Noh Sung Hyun, Takahashi Toshiyuki, Inoue Tomoo, Park Sang-Man, Hanakita Junya, Minami Manabu, Kanematsu Ryo, Shimauchi-Ohtaki Hiroya, Ha Yoon
Department of Neurosurgery, Ajou University College of Medicine, Suwon, Korea.
Spinal Disorders Center, Fujieda Heisei Memorial Hospital, Fujieda, Shizuoka, Japan.
J Clin Neurosci. 2022 Jun;100:148-154. doi: 10.1016/j.jocn.2022.04.005. Epub 2022 Apr 23.
To investigate the incidence of cervical spine deformity and instability after posterior cervical spinal cord tumor (CSCT) resection without fusion or fixation in adults and examine relevant risk factors by reviewing and summarizing previously reported studies.
We selected peer reviewed articles published between January 1990 and December 2020 from the MEDLINE and Cochrane Library databases using relevant key words. Articles in which the authors mainly described spinal cord tumor resection through posterior surgery without fusion or fixation in adults were selected for analysis. Patient's data including age, sex, extensive number of laminectomy levels, laminectomy at C2, C3, or C7, multilevel facetectomy, facet destruction, preoperative cervical kyphosis, and preoperative motor deficit were documented. Comparable factors were assessed using the odds ratio (OR) and weighted mean difference (WMD) of 95% confidence intervals (CI).
Among 133 articles identified, 18 met selection criteria. Overall incidence of deformity and instability after CSCT surgery was 0%-41.7% and 0%-20.5%, respectively. Younger age (WMD, -5.5; 95% CI, -10.52 ∼ -0.49; P = 0.03), C2 laminectomy (OR, 5.33; 95% CI, 2.39 ∼ 11.91; P < 0.0001), more laminectomy level (WMD, 2.77; 95% CI, 1.78 ∼ 3.76; P < 0.00001) were identified as risk factors for deformity and instability after CSCT surgery.
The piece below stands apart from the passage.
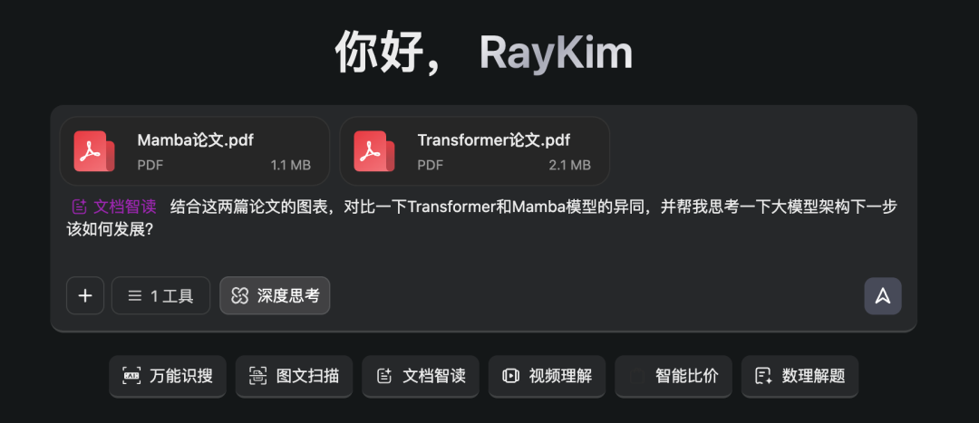 例如我们上传Transformer和Mamba两篇论文,然后附上一句Prompt:

Patients undergoing CSCT resection should receive careful follow-up for postoperative spinal deformity and instability. Younger age, C2 laminectomy, and more laminectomy level were significantly associated with occurrence of deformity and instability after CSCT surgery. Upfront spinal fixation at the time of resection should be considered in selected patients.
通过回顾和总结既往报道的研究,调查成人后路颈段脊髓肿瘤(CSCT)切除术后未行融合或固定时颈椎畸形和不稳定的发生率,并检查相关危险因素。
我们使用相关关键词从MEDLINE和Cochrane图书馆数据库中筛选1990年1月至2020年12月发表的同行评审文章。选择作者主要描述成人经后路手术切除脊髓肿瘤且未行融合或固定的文章进行分析。记录患者数据,包括年龄、性别、广泛椎板切除节段数、C2、C3或C7椎板切除、多节段小关节切除术、小关节破坏、术前颈椎后凸以及术前运动功能障碍。使用95%置信区间(CI)的比值比(OR)和加权平均差(WMD)评估可比因素。
在识别出的133篇文章中,18篇符合入选标准。CSCT手术后畸形和不稳定的总体发生率分别为0% - 41.7%和0% - 20.5%。年龄较小(WMD,-5.5;95%CI,-10.52 ∼ -0.49;P = 0.03)、C2椎板切除(OR,5.33;95%CI,2.39 ∼ 11.91;P < 0.0001)、更多的椎板切除节段(WMD,2.77;95%CI,1.78 ∼ 3.76;P < 0.00001)被确定为CSCT手术后畸形和不稳定的危险因素。
接受CSCT切除术的患者应接受仔细的术后脊柱畸形和不稳定随访。年龄较小、C2椎板切除以及更多的椎板切除节段与CSCT手术后畸形和不稳定的发生显著相关。对于选定的患者,应考虑在切除时进行前路脊柱固定。